───── Data extract ─────

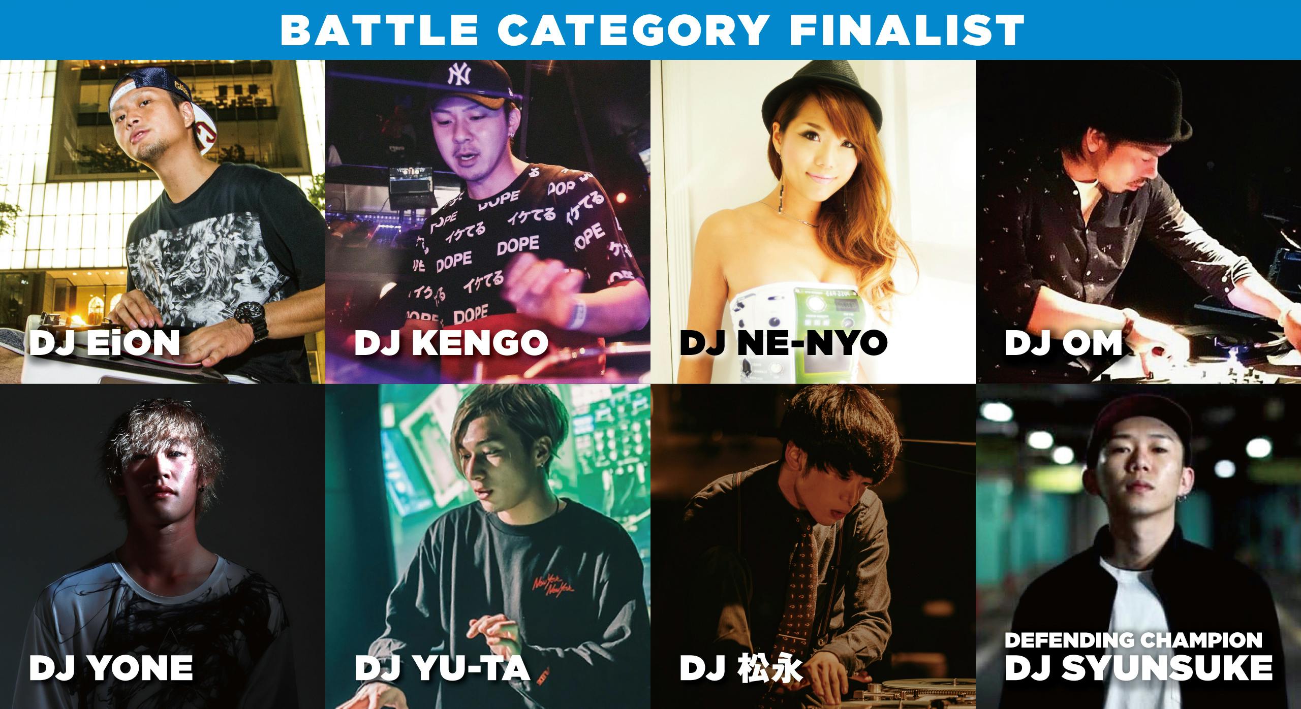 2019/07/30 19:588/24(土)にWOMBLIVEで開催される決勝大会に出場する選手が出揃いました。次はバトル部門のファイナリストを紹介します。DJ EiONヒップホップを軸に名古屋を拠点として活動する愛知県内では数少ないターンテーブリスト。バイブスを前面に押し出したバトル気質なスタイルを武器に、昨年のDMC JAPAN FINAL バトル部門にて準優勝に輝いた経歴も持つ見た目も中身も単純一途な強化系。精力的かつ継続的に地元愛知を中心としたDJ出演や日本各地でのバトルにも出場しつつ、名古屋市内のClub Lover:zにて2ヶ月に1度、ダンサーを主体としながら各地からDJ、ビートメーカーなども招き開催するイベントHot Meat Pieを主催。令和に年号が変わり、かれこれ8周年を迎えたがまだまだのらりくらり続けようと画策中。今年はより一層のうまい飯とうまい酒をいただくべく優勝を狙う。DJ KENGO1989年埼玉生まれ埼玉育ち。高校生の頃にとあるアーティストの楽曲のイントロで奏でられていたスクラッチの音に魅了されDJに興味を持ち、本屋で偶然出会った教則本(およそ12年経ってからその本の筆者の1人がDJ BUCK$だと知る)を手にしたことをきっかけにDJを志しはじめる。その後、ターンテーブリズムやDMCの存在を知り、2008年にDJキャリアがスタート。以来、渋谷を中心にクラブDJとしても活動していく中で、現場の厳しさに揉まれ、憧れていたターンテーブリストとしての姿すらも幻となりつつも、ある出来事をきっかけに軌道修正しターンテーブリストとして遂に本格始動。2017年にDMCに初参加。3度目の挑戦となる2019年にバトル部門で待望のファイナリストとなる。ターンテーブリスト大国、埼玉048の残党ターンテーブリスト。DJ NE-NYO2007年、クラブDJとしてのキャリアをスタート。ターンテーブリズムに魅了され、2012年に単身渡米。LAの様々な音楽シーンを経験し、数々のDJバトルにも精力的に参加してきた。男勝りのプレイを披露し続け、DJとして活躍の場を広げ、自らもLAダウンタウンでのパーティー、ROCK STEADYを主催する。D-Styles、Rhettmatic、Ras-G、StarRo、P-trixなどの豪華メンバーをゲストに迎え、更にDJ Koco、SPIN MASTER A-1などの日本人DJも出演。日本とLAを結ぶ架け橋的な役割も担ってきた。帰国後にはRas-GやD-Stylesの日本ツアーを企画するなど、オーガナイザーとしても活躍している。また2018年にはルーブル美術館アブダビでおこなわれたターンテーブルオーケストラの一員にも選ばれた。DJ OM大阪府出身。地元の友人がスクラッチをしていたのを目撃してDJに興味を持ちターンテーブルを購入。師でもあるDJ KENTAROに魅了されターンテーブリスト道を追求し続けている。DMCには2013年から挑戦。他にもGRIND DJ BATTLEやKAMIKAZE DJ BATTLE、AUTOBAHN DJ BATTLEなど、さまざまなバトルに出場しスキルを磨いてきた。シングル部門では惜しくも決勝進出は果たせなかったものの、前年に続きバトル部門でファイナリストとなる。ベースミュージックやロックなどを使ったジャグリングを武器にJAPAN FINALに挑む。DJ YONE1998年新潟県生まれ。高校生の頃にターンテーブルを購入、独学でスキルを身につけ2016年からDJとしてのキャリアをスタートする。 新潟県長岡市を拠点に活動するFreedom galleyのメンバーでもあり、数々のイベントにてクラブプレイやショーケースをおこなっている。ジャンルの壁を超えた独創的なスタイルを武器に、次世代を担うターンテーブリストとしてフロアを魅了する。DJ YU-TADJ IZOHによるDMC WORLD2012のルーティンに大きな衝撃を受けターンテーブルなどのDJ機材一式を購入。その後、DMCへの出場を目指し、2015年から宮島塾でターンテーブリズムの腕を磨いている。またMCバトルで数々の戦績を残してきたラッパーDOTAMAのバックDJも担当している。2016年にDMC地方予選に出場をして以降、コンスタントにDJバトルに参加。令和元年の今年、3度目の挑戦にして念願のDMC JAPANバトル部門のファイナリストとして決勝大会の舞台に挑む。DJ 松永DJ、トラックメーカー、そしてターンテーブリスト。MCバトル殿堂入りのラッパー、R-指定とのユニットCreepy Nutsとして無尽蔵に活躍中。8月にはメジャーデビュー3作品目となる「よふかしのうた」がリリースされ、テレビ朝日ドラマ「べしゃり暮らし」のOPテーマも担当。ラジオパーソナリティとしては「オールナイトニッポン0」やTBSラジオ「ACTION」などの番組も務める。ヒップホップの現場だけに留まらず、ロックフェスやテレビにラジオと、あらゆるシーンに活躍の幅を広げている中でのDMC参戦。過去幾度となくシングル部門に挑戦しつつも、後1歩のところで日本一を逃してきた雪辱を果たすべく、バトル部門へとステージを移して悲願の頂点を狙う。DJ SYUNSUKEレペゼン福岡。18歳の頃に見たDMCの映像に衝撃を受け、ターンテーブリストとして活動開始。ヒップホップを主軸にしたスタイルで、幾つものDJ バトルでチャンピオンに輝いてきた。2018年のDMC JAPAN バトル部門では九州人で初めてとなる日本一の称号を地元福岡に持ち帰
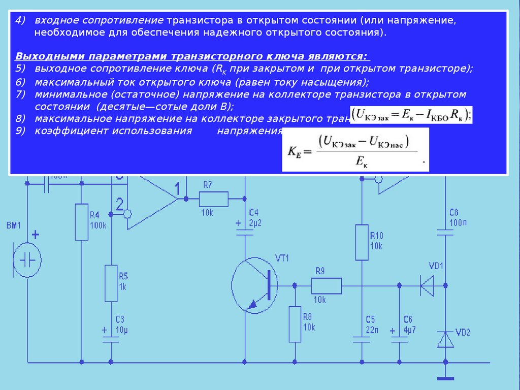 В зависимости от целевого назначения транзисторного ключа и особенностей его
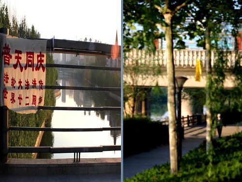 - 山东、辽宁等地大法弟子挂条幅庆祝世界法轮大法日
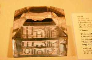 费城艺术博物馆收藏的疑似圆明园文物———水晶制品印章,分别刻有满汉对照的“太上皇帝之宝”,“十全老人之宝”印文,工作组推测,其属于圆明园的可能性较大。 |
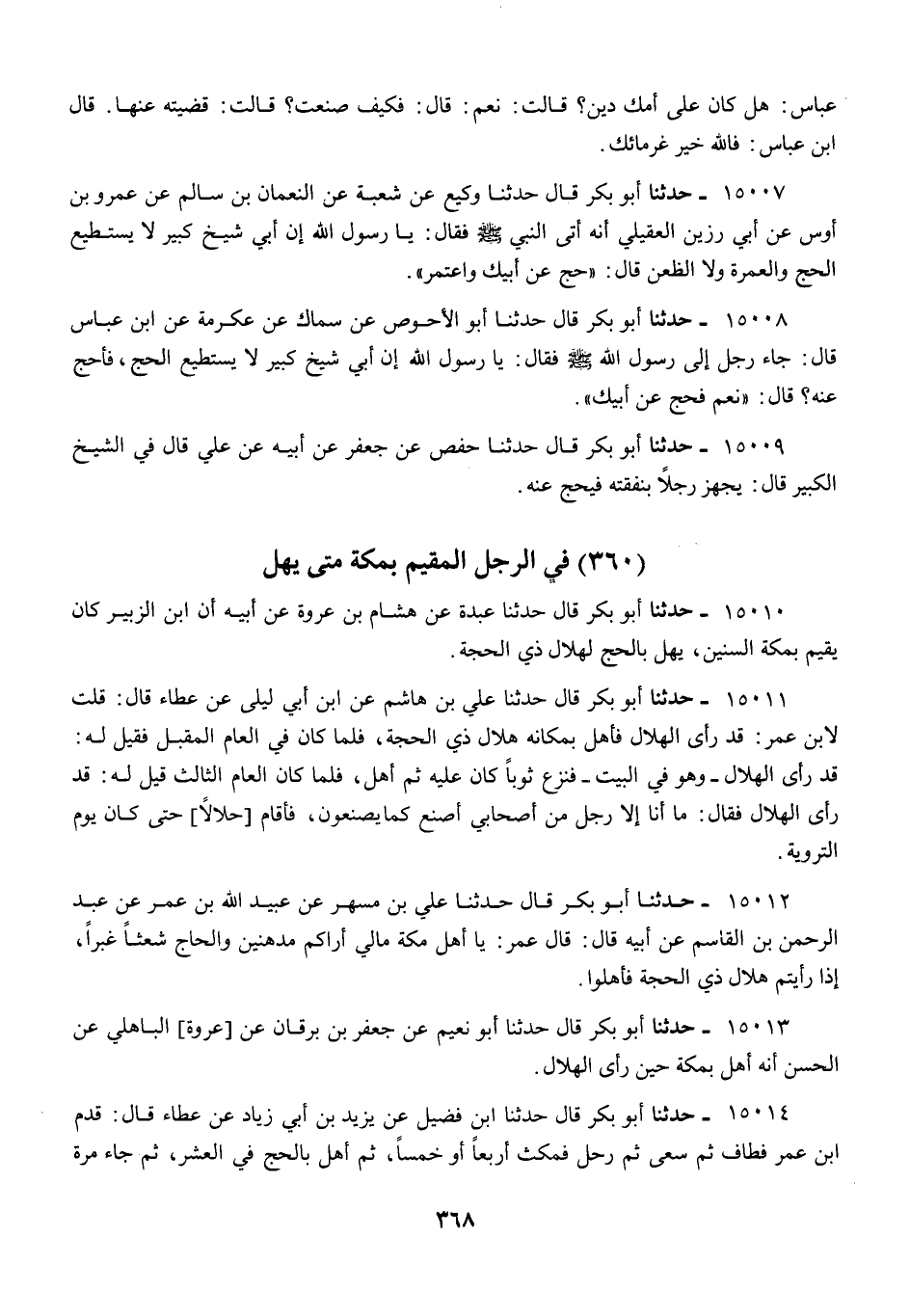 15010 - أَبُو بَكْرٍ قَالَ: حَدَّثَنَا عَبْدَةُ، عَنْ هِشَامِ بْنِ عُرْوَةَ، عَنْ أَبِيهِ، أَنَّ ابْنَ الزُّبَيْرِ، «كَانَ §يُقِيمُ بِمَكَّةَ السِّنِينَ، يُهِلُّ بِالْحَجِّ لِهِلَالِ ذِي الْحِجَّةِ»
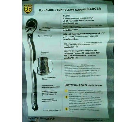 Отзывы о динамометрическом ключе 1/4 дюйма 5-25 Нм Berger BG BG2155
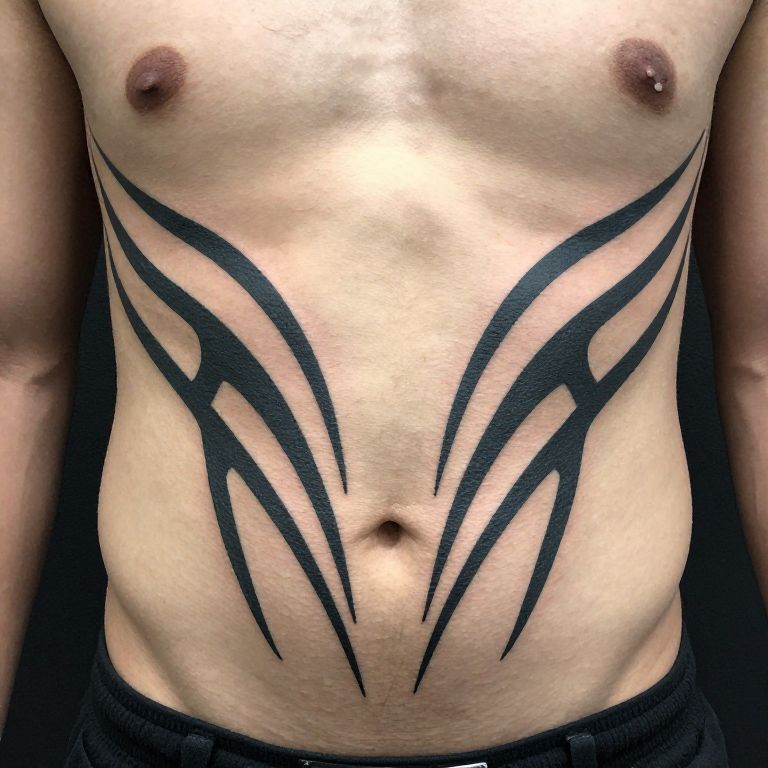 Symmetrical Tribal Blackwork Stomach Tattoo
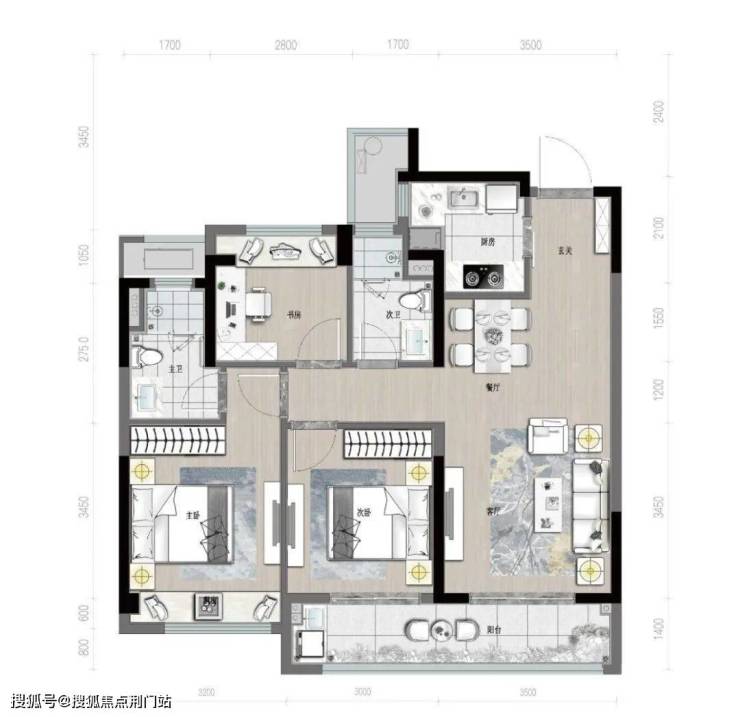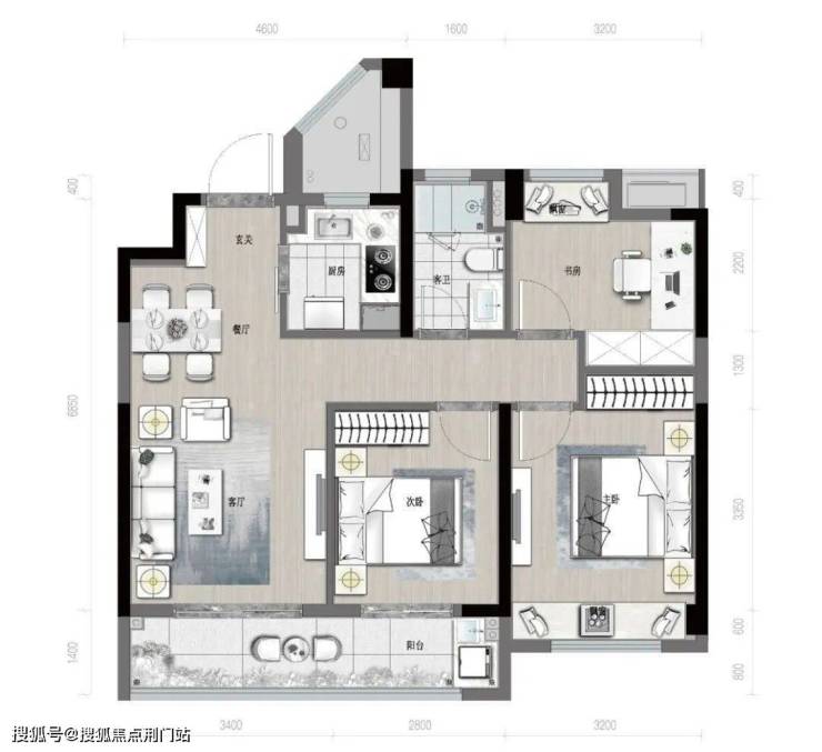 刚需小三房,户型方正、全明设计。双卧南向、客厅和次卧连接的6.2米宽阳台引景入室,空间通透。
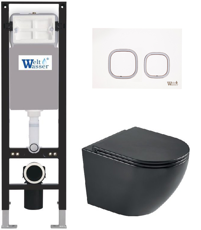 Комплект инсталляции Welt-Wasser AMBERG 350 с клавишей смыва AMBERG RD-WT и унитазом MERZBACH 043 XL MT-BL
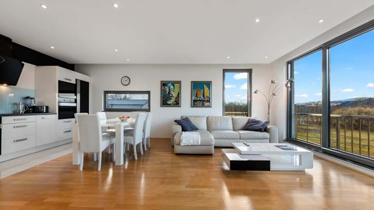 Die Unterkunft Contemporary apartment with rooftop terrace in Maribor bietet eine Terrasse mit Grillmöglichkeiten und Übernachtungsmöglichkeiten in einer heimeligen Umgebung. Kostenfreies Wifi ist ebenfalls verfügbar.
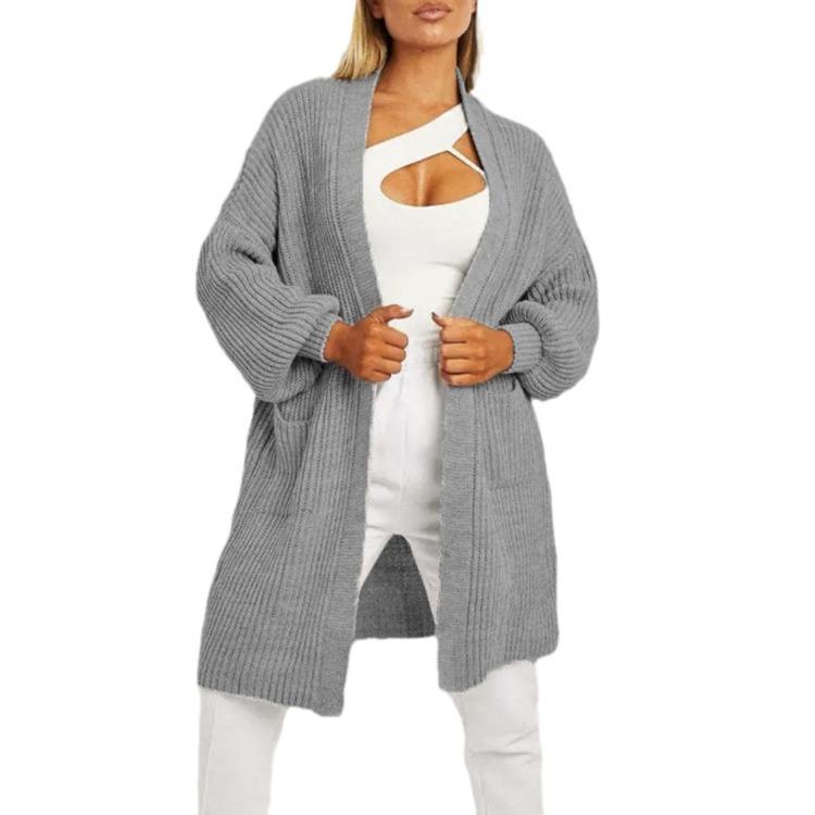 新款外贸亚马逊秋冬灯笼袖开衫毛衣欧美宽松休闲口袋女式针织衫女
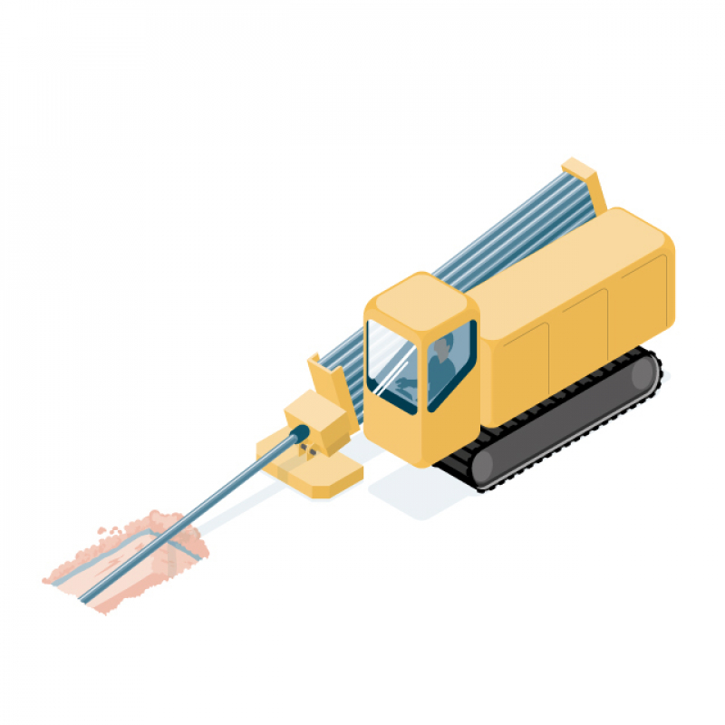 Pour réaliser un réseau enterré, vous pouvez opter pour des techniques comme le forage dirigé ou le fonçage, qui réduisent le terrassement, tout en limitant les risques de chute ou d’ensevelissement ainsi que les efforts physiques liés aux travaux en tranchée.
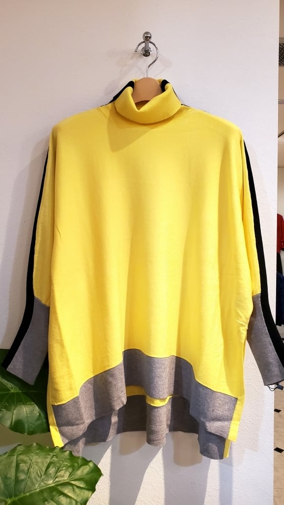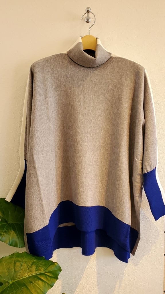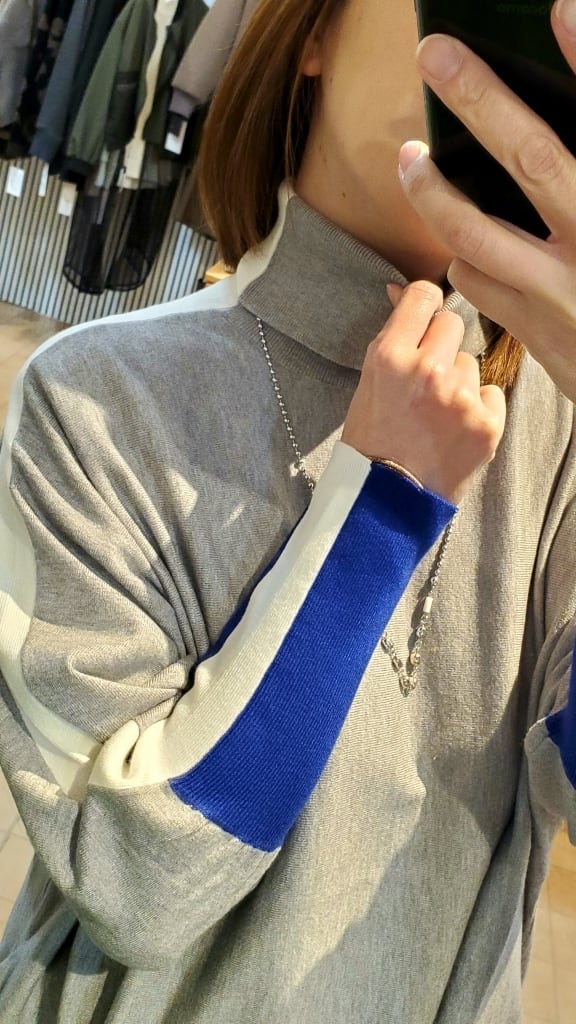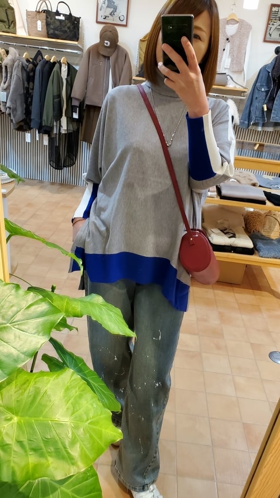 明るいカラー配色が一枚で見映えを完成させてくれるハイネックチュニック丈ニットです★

─────

**The problem**
Without the pictures, retype exactly the lines from the one that holds "Комплект инсталляции Welt-Wasser" to the last line of the data above, both of them included.

**Exercise output**
 Комплект инсталляции Welt-Wasser AMBERG 350 с клавишей смыва AMBERG RD-WT и унитазом MERZBACH 043 XL MT-BL
 Die Unterkunft Contemporary apartment with rooftop terrace in Maribor bietet eine Terrasse mit Grillmöglichkeiten und Übernachtungsmöglichkeiten in einer heimeligen Umgebung. Kostenfreies Wifi ist ebenfalls verfügbar.
 新款外贸亚马逊秋冬灯笼袖开衫毛衣欧美宽松休闲口袋女式针织衫女
 Pour réaliser un réseau enterré, vous pouvez opter pour des techniques comme le forage dirigé ou le fonçage, qui réduisent le terrassement, tout en limitant les risques de chute ou d’ensevelissement ainsi que les efforts physiques liés aux travaux en tranchée.
 明るいカラー配色が一枚で見映えを完成させてくれるハイネックチュニック丈ニットです★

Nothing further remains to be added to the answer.